Stenanthemum tridentatum

Scientific classification
- Kingdom: Plantae
- Clade: Tracheophytes
- Clade: Angiosperms
- Clade: Eudicots
- Clade: Rosids
- Order: Rosales
- Family: Rhamnaceae
- Genus: Stenanthemum
- Species: S. tridentatum
- Binomial name: Stenanthemum tridentatum (Steud.) Reissek

= Stenanthemum tridentatum =

- Genus: Stenanthemum
- Species: tridentatum
- Authority: (Steud.) Reissek

Species of flowering plant

Stenanthemum tridentatum is a species of flowering plant in the family Rhamnaceae and is endemic to the southwest of Western Australia. It is a prostrate to upright shrub with sparsely hairy young stems, egg-shaped to fan-shaped leaves, and creamy white or creamy-yellow flowers arranged singly or in groups of up to three.

==Description==
Stenanthemum tridentatum is a prostrate to upright, intricately branched shrub that typically grows to a height of up to 35 cm, its young stems sparsely covered with star-shaped hairs. The leaves are egg-shaped with the narrower end towards the base, to fan-shaped, 2–5 mm long and 2–3 mm wide on a petiole 0.5–1 mm long, with stipules 1.0–1.5 mm long and fused at the base. The flowers are creamy white or creamy-yellow and arranged singly, in pairs or three, 4–8 mm wide, the floral tube about 1 mm wide. The sepals are 0.9–1.1 mm long, and the petals 0.5–0.6 mm long. Flowering occurs in August, and the fruit is a more or less glabrous schizocarp 1.8–2.2 mm long.

==Taxonomy and naming==
This species was first formally described in 1845 by Ernst Gottlieb von Steudel who gave it the name Cryptandra tridentata in Lehmann's Plantae Preissianae. In 1858, Siegfried Reissek transferred it to Stenanthemum as Stenanthemum tridentatus in the journal Linnaea.
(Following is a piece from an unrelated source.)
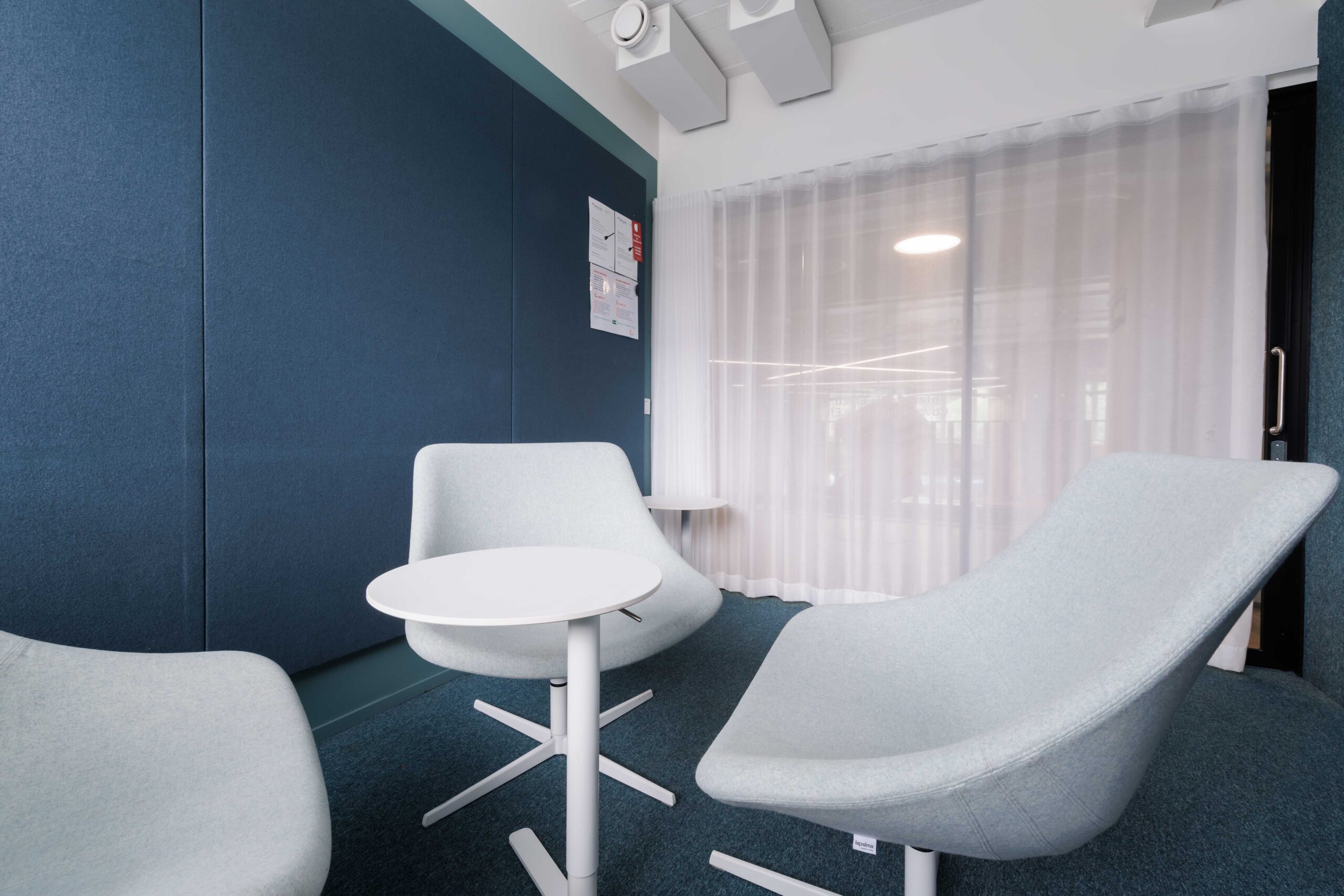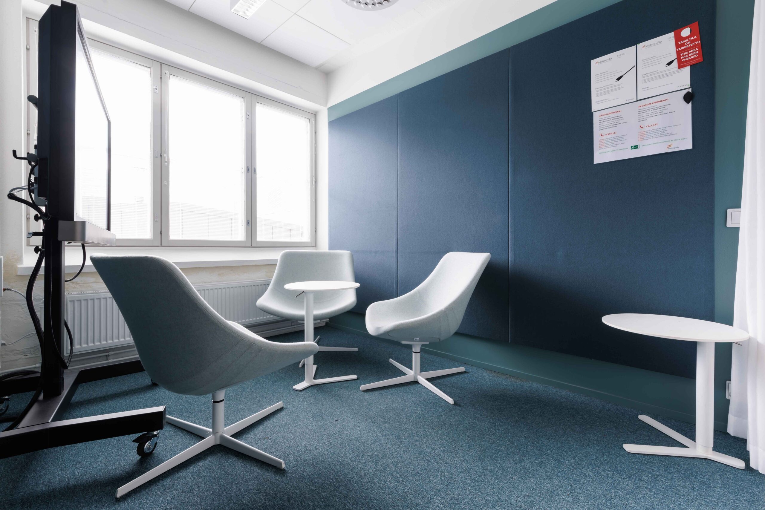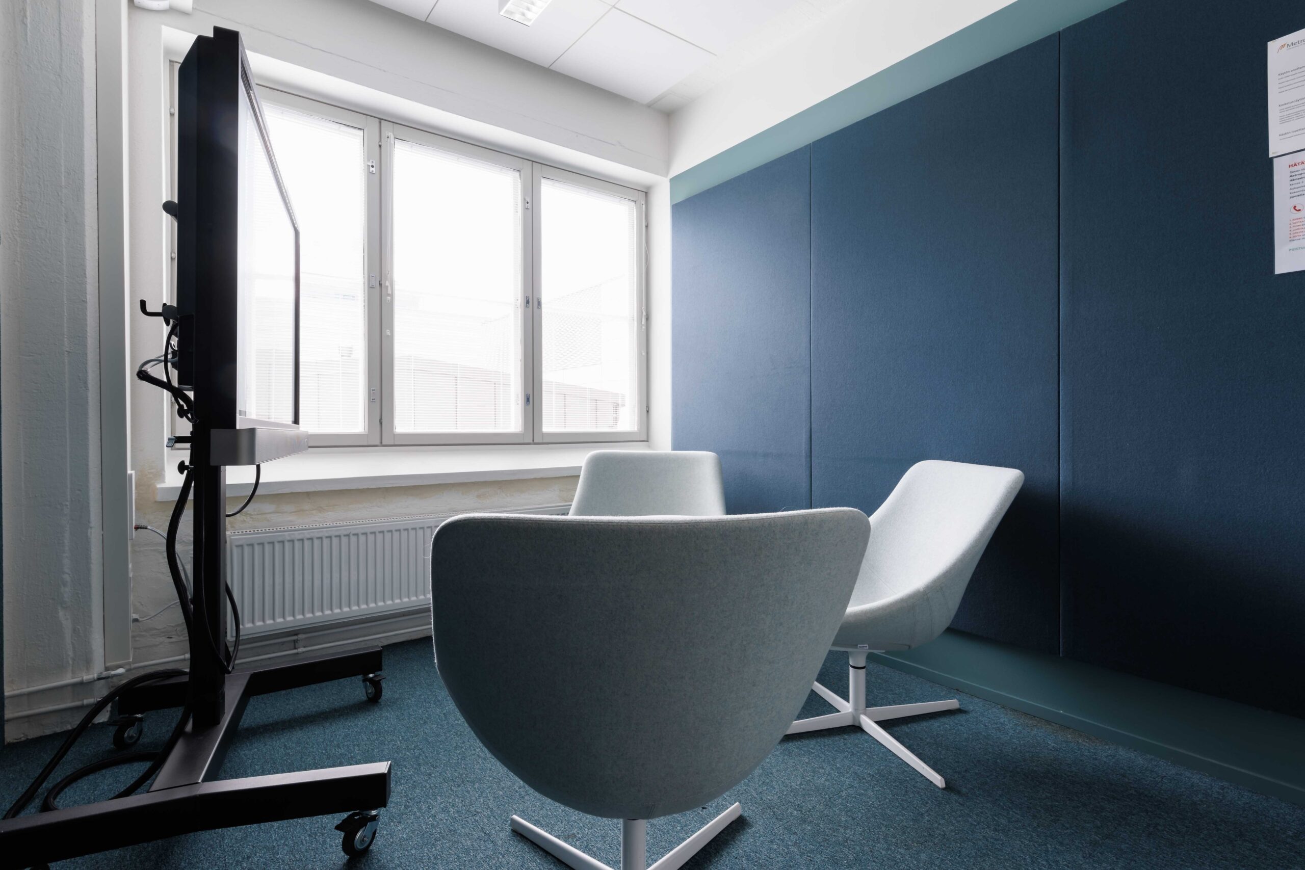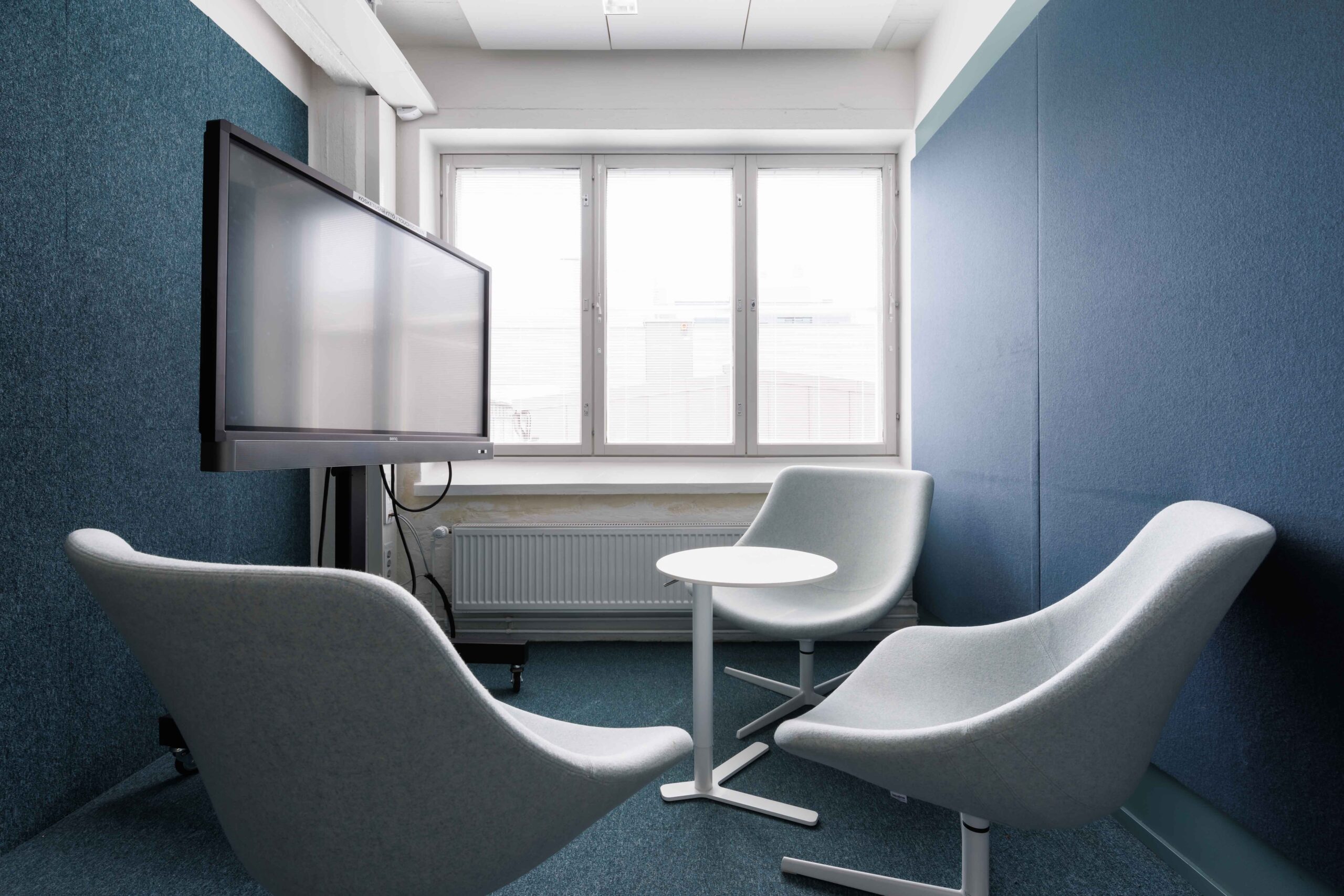 Pieni kokoustila pyöreällä pöydällä ja nojatuoleilla. Tilassa interaktiivinen esitysnäyttö

==Distribution and habitat==
Stenanthemum tridentatum grows in woodland and shrubland between Gunyidi and Tambellup in the Avon Wheatbelt, Esperance Plains, Geraldton Sandplains, Jarrah Forest and Mallee bioregions of southwestern Western Australia.

==Conservation status==
This species is listed as "not threatened" by the Government of Western Australia Department of Biodiversity, Conservation and Attractions.